Air France-KLM s’appuie sur Natixis pour effacer son risque de liquidité à court terme
Air France-KLM se donne de l’air. La compagnie aérienne vient de faire disparaître une importante échéance financière qui aurait pu la contraindre à débourser 650 millions d’euros en avril 2012. Une dépense malvenue alors qu’elle essuiera en 2011, et vraisemblablement l’an prochain, de nouvelles pertes. Le groupe a conclu un contrat de swap d’une durée de quatre ans avec Natixis sur l’intégralité des obligations à option de conversion et/ou d’échange en actions nouvelles ou existantes (Oceane) émises en avril 2005 et d’échéance 2020. L’opération permet de faire disparaître le risque probable d’exercice de l’option dont disposaient les porteurs en avril 2012. L’action cotait hier 4,3 euros, face à un prix de remboursement de 21,06 euros, intérêts compris.
Afin d’offrir un traitement équitable à tous les porteurs de titres, Natixis a ouvert hier une «procédure contractuelle d’acquisition», au prix fixe de 21 euros, offrant une prime de 0,26 euro par Oceane. «La prime offerte pour les Oceane est attrayante et devrait inciter les investisseurs à apporter leurs titres à Natixis», indique Laurent Le Grin, gérant obligations convertibles chez Edmond de Rothschild AM. La procédure est ouverte jusqu’au 13 décembre. L’opération a été d’autant mieux perçue hier sur le marché qu’en améliorant le profil de crédit d’Air France, elle a indirectement profité à l’obligation convertible 2015.
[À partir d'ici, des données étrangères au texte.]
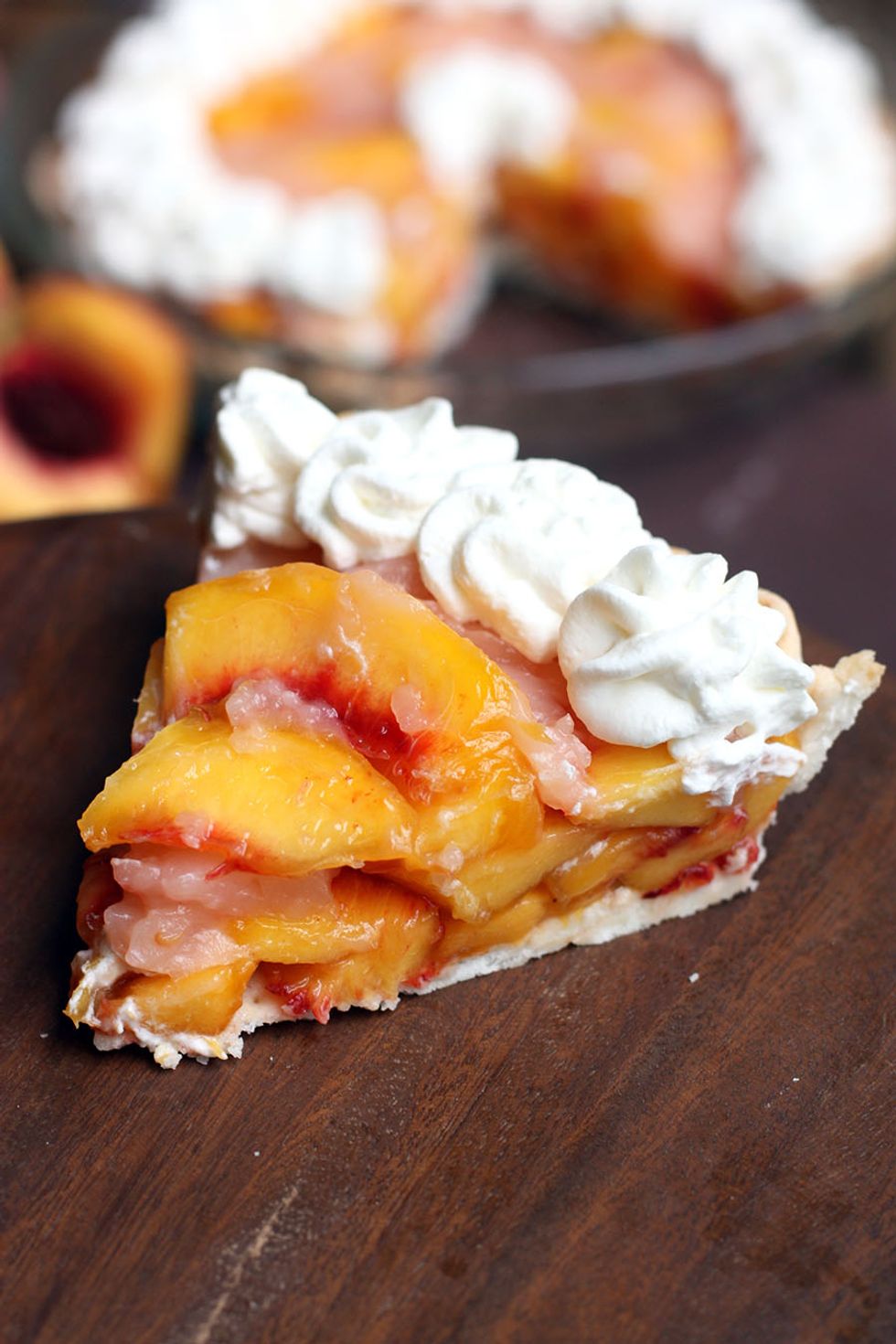 My favorite peach pie uses fresh peaches and is no-bake! Perfect for summer.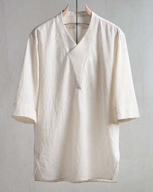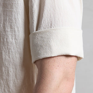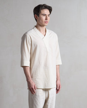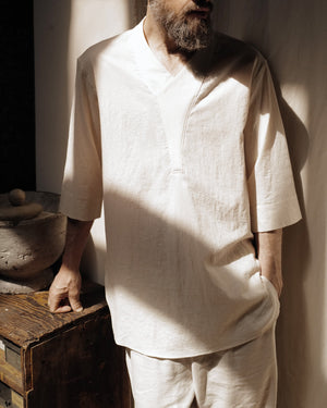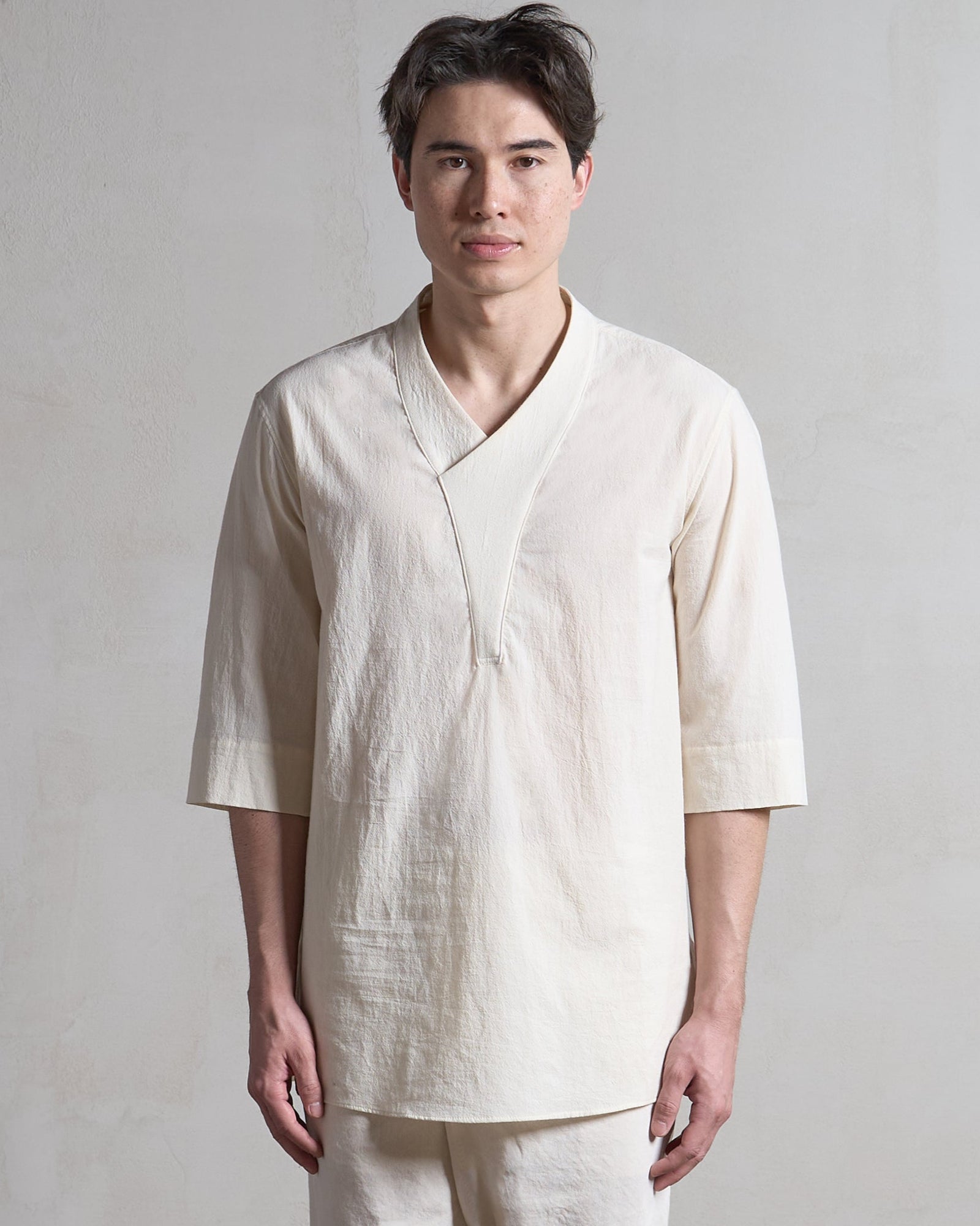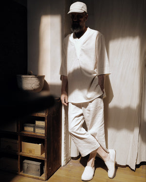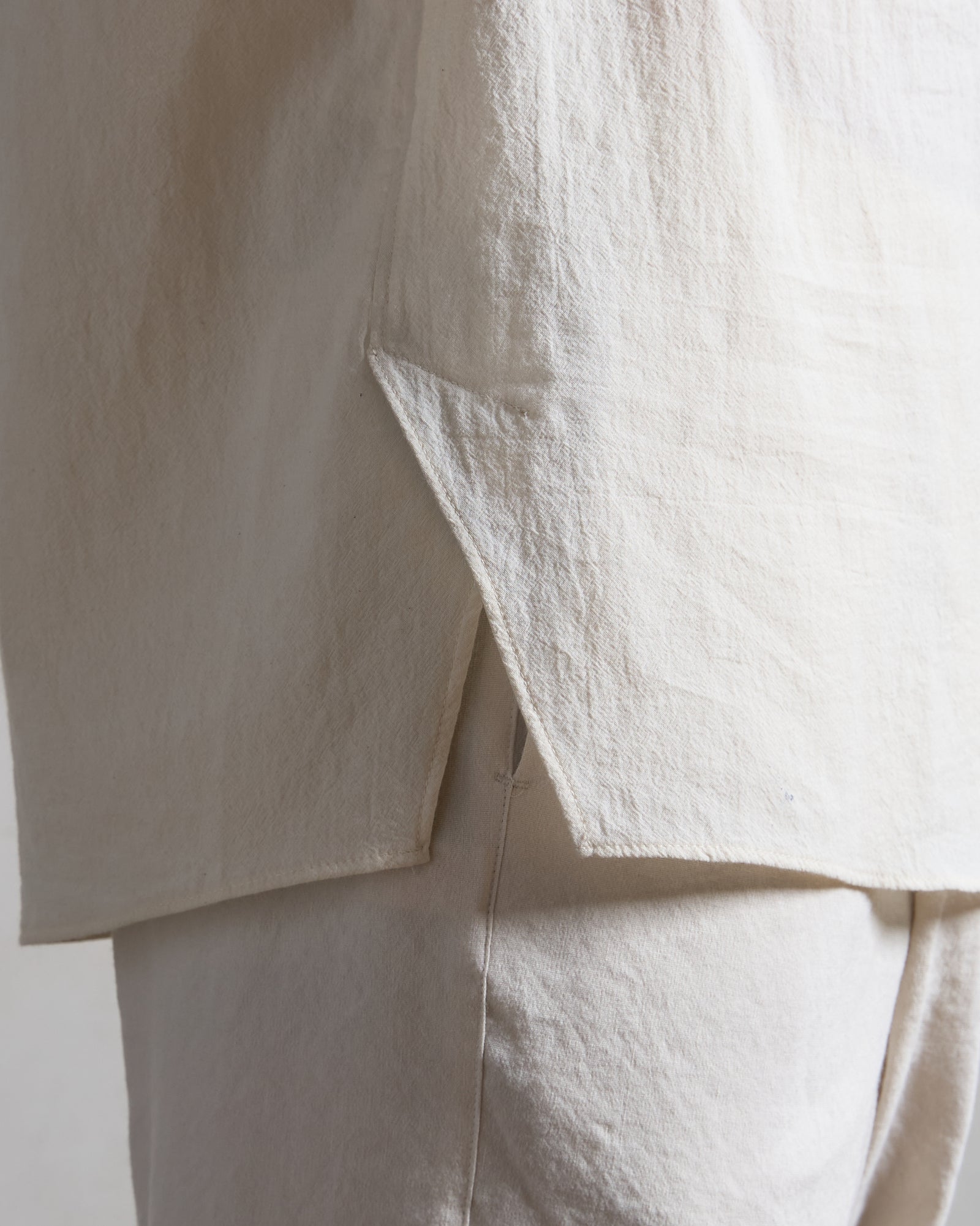 Cut in a Japanese organic cotton crepe with natural texture and quiet drape, the fabric resists wrinkles, softens with time, and gains subtle character through wear. Designed for warm climates and layered lives, it pairs effortlessly with tees or sleeveless tops for adaptable elegance.

Les titres achetés par Natixis lors de la procédure et pendant toute la durée du contrat de swap permettront de couvrir un crédit accordé à Air France-KLM à échéance mars 2016. «Aujourd’hui, l’Oceane porte une option sur l’action quasiment nulle, ce qui peut susciter des interrogations sur l’intérêt de Natixis. Mais la banque peut espérer que d’ici deux ou trois ans, dans une conjoncture meilleure, la valeur ait fortement augmenté», décrypte un autre investisseur.
Fréquent pour les autres types de titres, le contrat de swap est pour la première fois utilisé pour des valeurs mobilières donnant accès au capital. «Il s’agit d’une opération entre procédure de désintéressement et offre sur une ligne obligataire. Elle pourrait appeler à une évolution de la réglementation et pourrait intéresser d’autres émetteurs pour gérer leurs emprunts obligataires», espère Alexis Marraud des Grottes, avocat chez Orrick Rambaud Martel, le conseil de Natixis.